The stifling, suffocating uniform.
Nigel Woodward caught his eye. The sergeant who’d almost ended his flying career by releasing that gas bomb.
Everyone loved Millie.
Rob concentrated on the precision of the pallbearers.
Anything to stave off the tears.
The vicar appeared and, after a brief word, they launched into a hymn.
Christopher Milford and everything he stood for was writ large in every line:
“I vow to thee, my country, all earthly things above,
Entire and whole and perfect, the service of my love;
The love that asks no question, the love that stands the test,
That lays upon the altar the dearest and the best;
The love that never falters, the love that pays the price,
The love that makes undaunted, the final sacrifice.”
Rob sang with his eyes fixed on the order of service. He kept his head bowed, humiliated by the words.
In that moment, he had an awful realisation that he would go to his own grave knowing he had failed in the only task that had truly mattered to him.
There would be no absolution.
Kilton had ensured the victory was complete by leaving him no choice but to sign Guiding Light into service.
But the real punishment was the guilt: already crushing him, and now a life sentence.
The singing stopped.
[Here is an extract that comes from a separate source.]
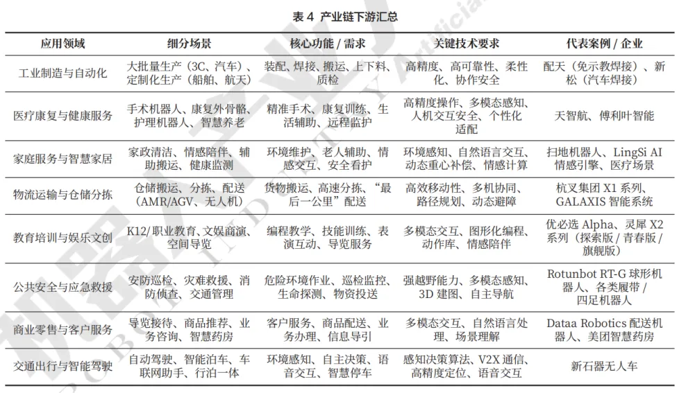 具身智能产业链下游应用场景广泛,涵盖工业制造、医疗康复、家庭服务、物流运输、教育娱乐、公共安全、智慧养老与智慧医疗、商业零售、交通出行等细分领域。各场景推动多机器人协作和跨模态融合,实现具身智能产品的多样化落地与规模化应用。
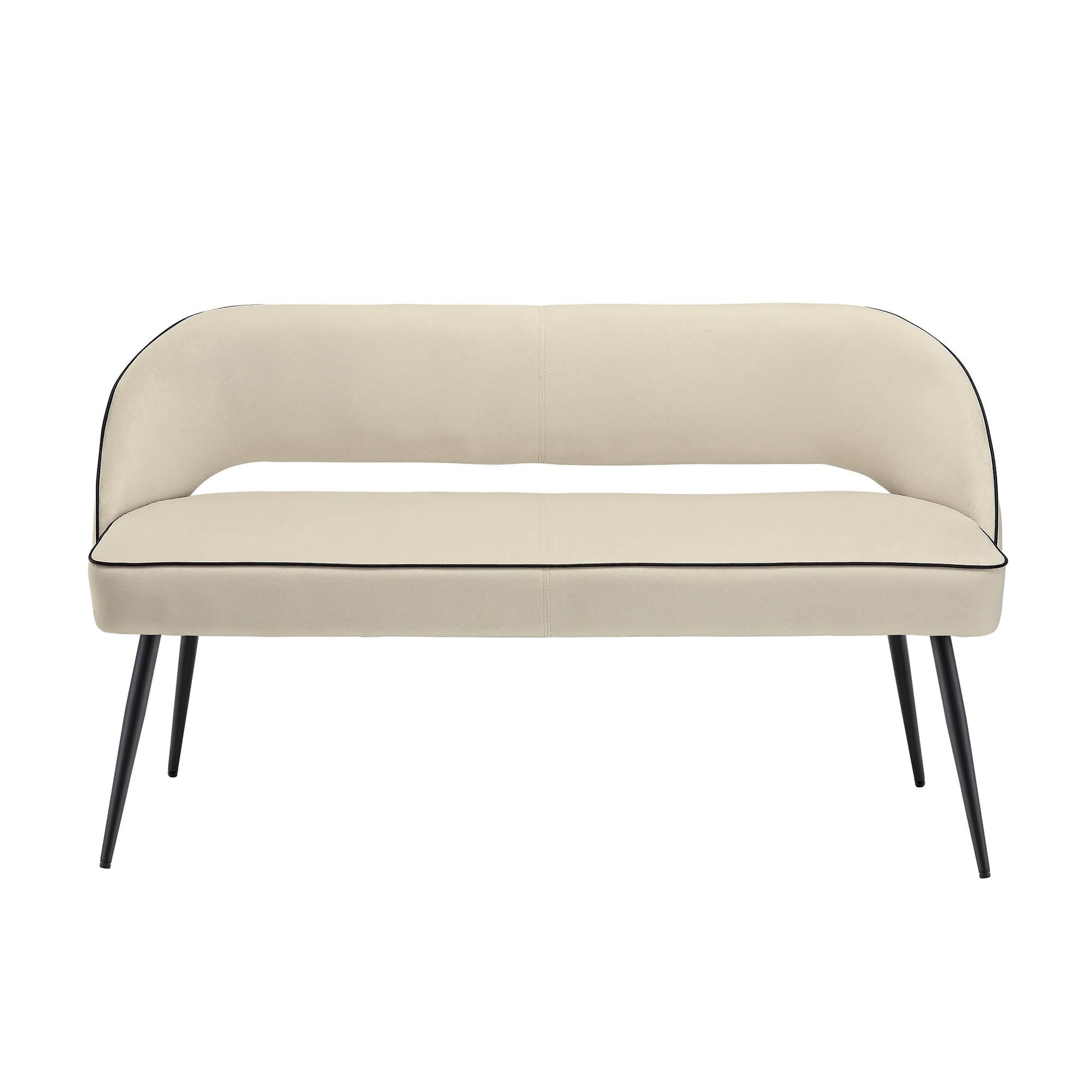 Oakley Champagne Velvet Upholstered 3 Seater Dining Bench with Contrast Piping

He sat down, consumed with his own thoughts.
It was a moment before he realised they were waiting for him. The vicar motioned with his hands for Rob to take to the lectern that held the large bible.
He stood and shuffled along the pew. The vicar put a hand on his arm as he passed.
“The bible’s open at the right page.”
Rob stepped onto the wooden plinth at the base of the lectern and found the start of his passage in the church’s ornate King James Bible.
He took a deep breath and looked up.
Straight into the eyes of Susie Attenborough.
His mouth dropped open. He faltered, and snapped his head back down.
Had he really seen her?
She sat upright in a black dress and black-brimmed hat, next to Red and Sarah Brunson.
He looked up again. She smiled at him, looking serene.
Kilton sat directly in front of Susie, glaring at Rob.
He recovered himself and looked down at the reading. But he couldn’t stop himself from looking again.
This time, Susie had an admonishing expression on her face. She mouthed some words.
“Get on with it.”
The congregation shuffled at the awkward silence.
Clearing his throat, and hoping his voice would carry further than the front pew, he read aloud, bringing as much measure and authority as he could muster.
To his surprise, his voice sounded strong.
“The righteous perish, and no-one takes it to heart; the devout are taken away, and no-one understands that the righteous are taken away to be spared from evil.
“Those who walk uprightly enter into peace; they find rest as they lie in death.”
He reached the last word and allowed himself a proper look at the congregation. His eyes swept across the packed church.
He wasn’t sure exactly what to expect from his former colleagues.
Judgement? Disappointment?
What he saw was sympathy. Warmth, even.
Red Brunson looked directly at him, confidence in his gaze.
He returned to his seat.
They sang ‘Jerusalem’. During the second verse, Mark Kilton made his way promptly to the lectern.
He recounted tales of World War Two. Millie as an engineer who worked miracles to keep them flying day after day.
He drew laughs with his accurate descriptions of Millie’s inability to hold his beer, and his natural clumsiness. He paid a warm tribute to Millie’s patriotism and sense of duty.
Kilton’s eulogy went down well; had it not been in church, he may have received a round of applause.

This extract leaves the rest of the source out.